Dolayısıyla böyle bir doğumun Meryem validemizden önce gerçekleşmiş olması ve ondan sonra da başka birinde böyle bir olayın gerçekleşme ihtimalinin bulunması mümkün olmamalıdır. Meryem validemizden başkasında karşılaşılamayacak bir olayın da tıbben ve bilimsel olarak açıklanabilir olmasını beklemenin bir anlamı yoktur.

Şunu da söylemeliyiz ki uzmanların söylediklerine göre hermafrodit bir dişi tam bir dişidir, yani hermafrodizm çift cinsiyetlilik demek değildir. Dolayısıyla günümüzde bir tabib veya bilim adamının bu olayı hermafrodizm ile açıklamasında bir sakınca yoktur. Ancak bu iddianın ayetlerin metnine dayandırılması ve Meryem validemizin hermafrodit olduğuna Kur’an’dan delil olarak bu ayetlerin metnindeki zamirlerin gösterilmesinin problemlidir.

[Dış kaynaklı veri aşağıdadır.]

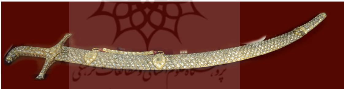
تصویر ۷: ویتترین ۲۴، شماره ۱۹، شمشیر جهانگشای نادری، خزانه جواهرات ملی ایران.

از دیگر شمشیرهایی که به جرأت می‌توان گفت جزو شاهکارهای ترصیع به شمار می‌آید، اثر معروف به «شمشیر جهانگشای نادری» است (تصویر ۷). این اثر، توجه هر بیننده‌ای را متوجه تالو و درخشش قطعات الماس خود می‌کند و هر چشمی، از کثرت نورافشانی قطعات، با حیرت و اعجاب به آن دوخته می‌شود. نادرشاه بدون شک یکی از امیران ایرانی با کارنامه‌ای درخشان در تاریخ پر فراز و نشیب ایران است. این شمشیر، یادگاری از جهانگشایی بزرگ است که نه تنها ملتی را از جنگ‌های داخلی و تعارض دشمنان رهایی داد، بلکه کشوری نیرومند چون هندوستان را نیز فتح کرد. شمشیر جهانگشای نادری با شمشیر شارلمانی محفوظ در موزه وین برابر است که روزگاران امپراتوری مقدس روم را به خاطر می‌آورد. روایت شده است که فاتح هند، به گاه پیکار این شمشیر را به دست می‌گرفته است (مین و تشینگام ۱۳۵۵، ۱۵). این اثر هم مانند دیگر شمشیرهای خزانه جواهرات ملی، جهت نمایش شکوه و قدرت شاهان و تأکیدی بر مقام ایشان در نظر بینندگان بوده است.

Kur’an’ın başlı başına bir mucize olması için Meryem validemizin tıbben açıklanabilir bir fizyolojik yapıda olduğuna değiniyor olması gerekmez. Bu yazıda ele aldığımız tahlillerle de ortaya çıkan, Kur’an’ın hiçbir yoruma yer bırakmadan her konuyu detaylarıyla anlatıyor olması, Meryem validemizle ilgili yapılan bu yorumlara bile şaşmaz inceliği ile izin vermediğinin tesbit edilebiliyor olması mucizelerin en büyüğü olduğunu gösterir. Böylesi bir incelik ve hassasiyet hiçbir kul yapısı metinde bulunamayacak bir özelliktir. Kur’an üzerinde metodik olarak yapılan her çalışma onun Allah’ın Kitabı olduğunu ortaya koymaktadır. İnsanı aciz bırakan Kitap böyle olur.